# DSL an zwei PCs



## wagner-kai (23. Februar 2002)

Hi Leute!

Kann mir vieliecht jemand sagen wie ich es so günstig wie möglich schaffe Zwei oder noch mehr Computer an einen einziegn DSL-Anschluss anzuschließen? Dabei sollen beide PCs auch gleichzeitig ins Netz gehen können und der ein PC sollte - Dank der Flatrate - als Webserver laufen.
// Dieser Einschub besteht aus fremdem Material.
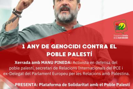 Esquerra Unida de les Illes Balears (EUIB) organitza per a aquest dilluns, 7 d'octubre, una xerrada sobre el genocidi contra el poble palestí amb la presència de Manu Pineda, antic delegat del Parlament Europeu per a les relacions amb Palestina.

Hoffe ihr könnt mir helfen!

K.W.


----------



## Naj-Zero (24. Februar 2002)

da kommt natürlich erstmal die frage auf, welches os du hast/benutzen willst. unter windows kannst du die gemeinsame internet-nutzung aktivieren, oder, falls nicht vorhanden winroute installieren, unter linux musst du das routing konfigurieren denk ich mal, da kenn ich mich nicht so aus..


----------



## wagner-kai (24. Februar 2002)

*......*

an dem einen PC soll Windows 2000 (AMD K6-2 350 MHz, 128 MB SD-RAM, usw ...) and em anderen, den ich mir erst demnächst kaufe Windows XP!

Ich denkle mit der Internetfreigabe sollte es dann funktionieren, dann bräuchte ich also 3 Netzwerkkarten, oder?


----------



## GeNeRaL (24. Februar 2002)

*Antwort*

HI, 
ja du bräuchtest dann 3 Netzwerkkarten,
das es so aussieht:

erster Rechner:
1ne Netzwerkkarte für DSL (zum Modem)
1ne für das Netzwerk

zweiter Rechner:
1ne für das Netzwerk

Wenn du aber sagst du willst nur "Profi"Netzwerkkarten verwenden, dann wäre zu überlegen, das geld für eine Krte auf einen Router draufzulegen, da dies die beste alternative wäre, es wäre auch das beste, trotz den kosten von ca. 300 DM oder 150€ (ein gutes gerät) zu investieren, wenn du jeden Tag mit den 2 Computern ins Internet gehen möchtest, so benötigst du keinen Hub/Switch mehr. Außerdem haben die meisten Router eine Hardwarefirewall.


cu


----------



## arrowx (27. Februar 2002)

*DSL mit 2 Rechner über Switch!*

Hi,

eine Möglichkeit von vielen:

Folgende Komponeten werden benötigt:
(Beispiel mit 2 Rechnern)

1 Switch (Verteilerkonten)  50 - 70 €
2 Netzwerkkarten (Eine pro Rechner)   20 € pro PC
3 Patchkabel (Netzwerkkabel)   20 € pro Rechner und für DSL-Modem (NTBBA)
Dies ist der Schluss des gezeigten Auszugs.